ROLANDA E. MILES, Defendant.

ORDER GRANTING MOTION FOR ENTRY OF JUDGMENT

ROBERT S. LASNIK, District Judge.

This matter comes before the Court on the government's "Motion for Entry of Judgment, " Dkt. # 24. On January 17, 2014, the Court sentenced Defendant to three years of probation following her plea of guilty to theft of government funds. Dkt. # 13; Dkt. # 22. As a result of Defendant's conduct, she received $64, 663 in overpayments from the Social Security Administration's ("SSA") and $42, 141 in overpayments from the Washington Department of Social and Health Services. Dkt. # 9 at 5-6. During the sentencing hearing, Defendant asked the Court to include language in the judgment limiting SSA's withholding of future benefits as part of its internal recoupment program. The Court requested additional briefing from the parties regarding this issue. Having considered the parties' memoranda and supporting documents and the remainder of the record, the Court finds the following:

(1) Federal regulations provide that if a person who has received an overpayment of SSA benefits is entitled to a monthly benefit or lump sum, "no benefit for any month and no lump sum is payable to such individual, except as provided in paragraphs (c) and (d) of this section, until an amount equal to the amount of overpayment has been withheld or refunded. 20 C.F.R. § 404.52(a)(1). Although Section (c) allows the SSA to reduce the amount withheld if it determines that withholding the full amount each month would defeat the purpose of the Social Security Act (the "Statute"), this adjustment is not available if the overpayment was due to the fraud committed by the individual. Id . § 404.52(c)(1)-(2).[1]

(2) The Statute and its implementing regulations provide a comprehensive system for review of agency actions, including decisions regarding the recoupment of overpaid benefits. 20 C.F.R. §§ 900-404.982. Generally, after the SSA makes an initial determination, an individual dissatisfied with the decision may seek reconsideration. Id . § 900(a)(2). If the individual is dissatisfied with the reconsideration decision, the individual may request a hearing before an Administrative Law Judge ("ALJ").
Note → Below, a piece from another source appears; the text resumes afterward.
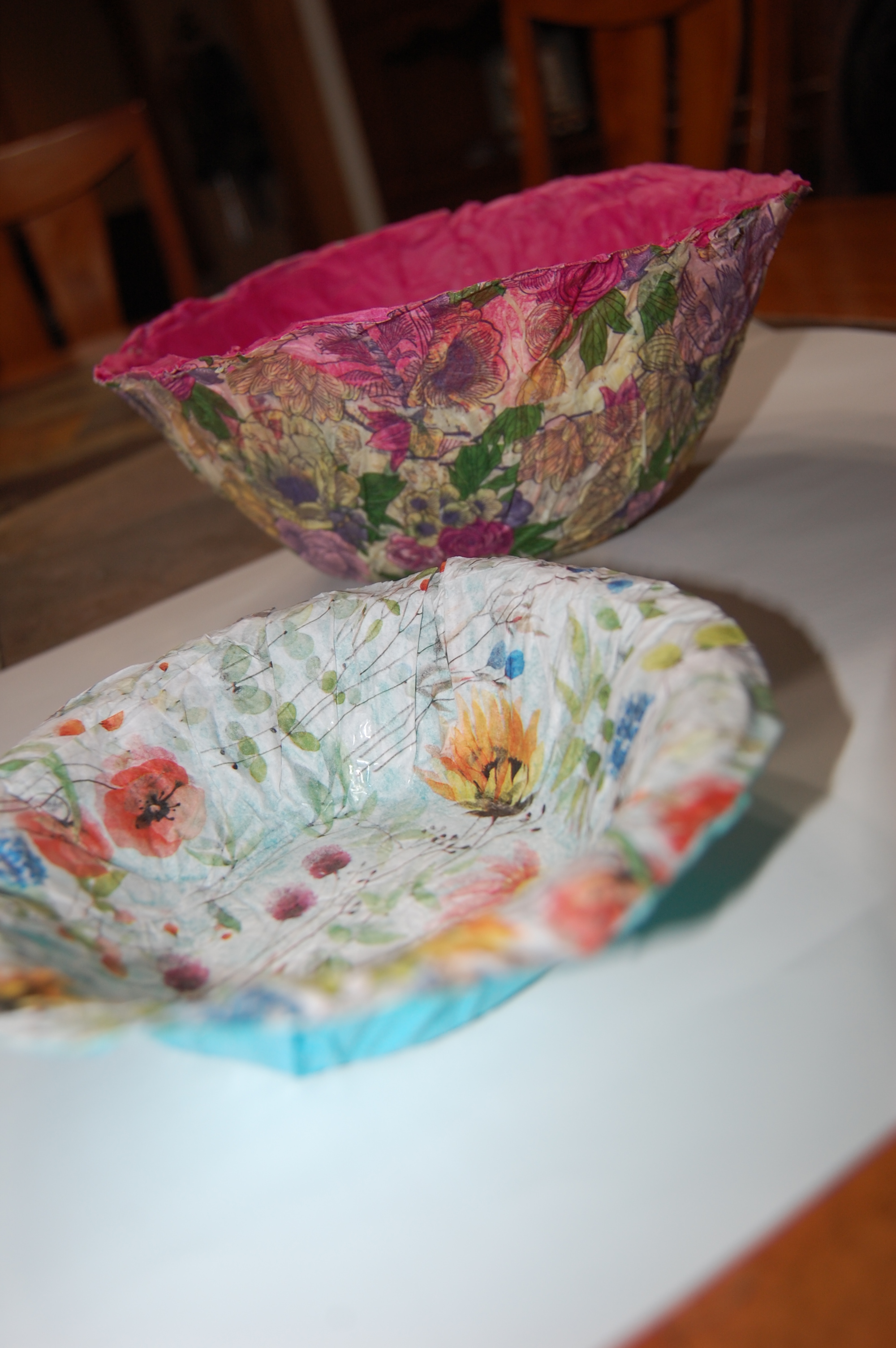 The more layers of napkins and/or tissue paper you use, the sturdier the bowl will be. You can layer then any way you’d like. In my pictures below, I made one bowl using the yellowed flower napkins on the outer side and a solid pink on the inside. Then I did the opposite for the other bowl but using tissue paper.

Id . § 900(a)(3). If the individual is dissatisfied with the ALJ's decision, the individual may seek review of the decision by the Appeals Council. Id . § 900(a)(4).

(3) The Statute limits judicial review of agency actions to final decisions of the SSA Commissioner after a hearing. Califano v. Sanders , 430 U.S. 99, 108 (1977); Udd v. Massanari , 245 F.3d 1096, 1098 (9th Cir. 2001). A "final decision" results only if the Appeals Council grants review and issues a decision, or if the individual makes a timely request for review that is denied. 20 C.F.R. § 404.981; Heckler v. Day , 467 U.S. 104, 107 (1984). In this criminal case, there is no indication that Defendant has exhausted her administrative remedies and there is no final decision. Thus, this Court lacks subject matter jurisdiction under the Statute to provide the type of relief sought by Defendant. Califano , 430 U.S. at 108.

For all of the foregoing reasons, the government's motion for entry of judgment (Dkt. # 24) is GRANTED.